Here’s a debut freelance post by Austin game writer N. Evan Van Zelfden, who writes about video game and technology businesses for numerous magazines and web sites, including the Reuters news agency and The Economist.
By N. Evan Van Zelfden
Austin — Electronic Arts once bet heavily on online multiplayer games. Now it’s betting heavily again on massively multiplayer online games (MMOs) under the leadership of EA chief executive John Riccitiello.
One of the people that Riccitiello will depend upon is online game pioneer Rich Vogel, who co-directs the game studio that EA owns in Austin, Texas, under the BioWare-Austin name. Vogel spoke during a panel at the start of the Austin Game Developers Conference and offered choice tips on running MMOs. He has worked on games for 15 years and has produced MMOs for more than a decade. Among his projects: “Meridian 59,” “Ultima Online,” and “Star Wars Galaxies.”
Vogel’s studio is at work on another MMO — at least that is what game industry followers have figured out. When EA spent $860 million to acquire super-developer BioWare-Pandemic from Elevation Partners last October, some analysts said it was because BioWare’s Austin, Texas studio was hard at work on a secret MMO that just might be able to compete with World of Warcraft, run by rival Activision-Blizzard. At E3 this year, Riccitiello confirmed that the studio was working on an MMO version of “Knights of the Old Republic” – a highly lucrative Star Wars license.
Vogel described the business behind online games as a kind of “funnel.” Acquiring new players comes first, and is the largest part of the funnel. Then conversion of those players to subscribers and retention of them on monthly subscriptions follow. If you’re losing players from the start, something is going wrong, Vogel said.

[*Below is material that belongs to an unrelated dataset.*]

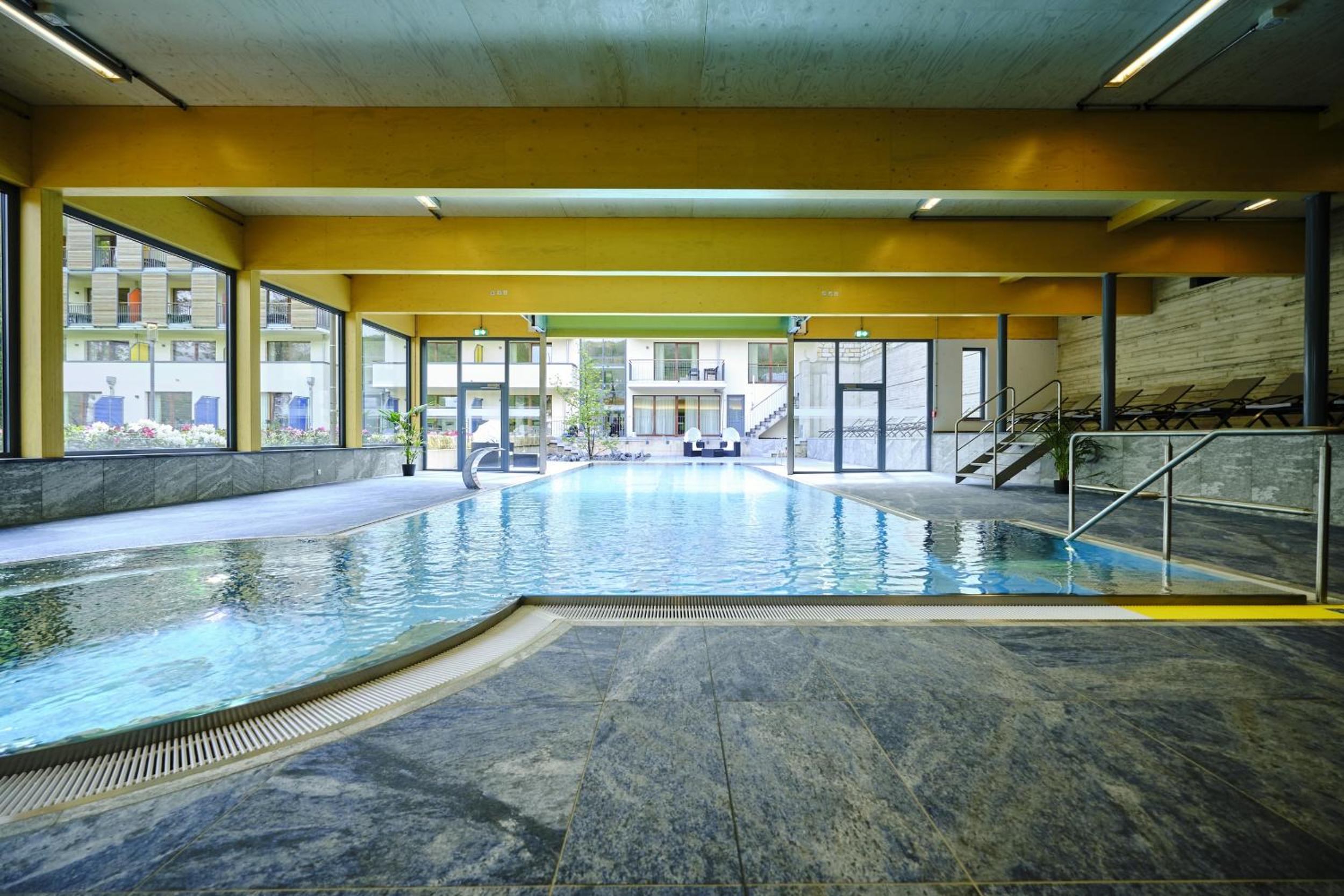 Unwind in the light-flooded spa area with an indoor/outdoor pool, massages, and beauty treatments. After a rejuvenating spa session, explore the picturesque surroundings perfect for hiking enthusiasts.

Even with talk of alternative business models for online games, Vogel stresses that paying customers are the most important. And it’s much more expensive to acquire new players than it is to retain old ones.
Online games can have ghastly production costs – World of Warcraft was rumored to have cost Vivendi’s Blizzard Entertainment division (now part of Activision Blizzard) some $80 million $200 million to develop and maintain since 2004. Vogel says that the launch of the game sets the brand’s value. If you don’t think about the brand in the long term, he says, “you will pay for it in the future.” (It’s worth nothing that the launch of “Tabula Rasa” last fall was a disappointment, after six years of development, and it will now be tough for NCSoft to pull that game into the black).
“The first true social networks online were online games,” said Vogel, adding that a continuous flow of new content is the key for retaining users. If players ever get the inclination that they’ve completed the content, they’ll head for greener pastures.
Examples he cites are previously successful online games with longevity. EA’s “Ultima Online” is nearly twelve years old, Sony’s EverQuest is ten, and Blizzard’s WoW is now four years old. It’s quite possible that an MMO could operate profitably for 20 years, he said, as long as the content stays fresh.
While these games are huge, the details of the games make a big difference in the outcome. Vogel said that 300,000 subscribers over the course of ten years can generate $300 million in revenue. Even if it seems like a game development decision will only affect 1,000 customers, “that’s a million dollar decision,” John Dondham, a former vice president at Sony Online Entertainment and now working at a start-up run by online game producer Raph Koster.
“Communities are portable,” says Vogel. Players will try competing titles. Usage numbers are your best forward indicator of subscriptions. When in doubt, try to get people to play more.
In order for an online game to be massive, it always comes back to the user base. BioWare’s Vogel concludes, “The older you are, the bigger you are: the bigger your funnel is.”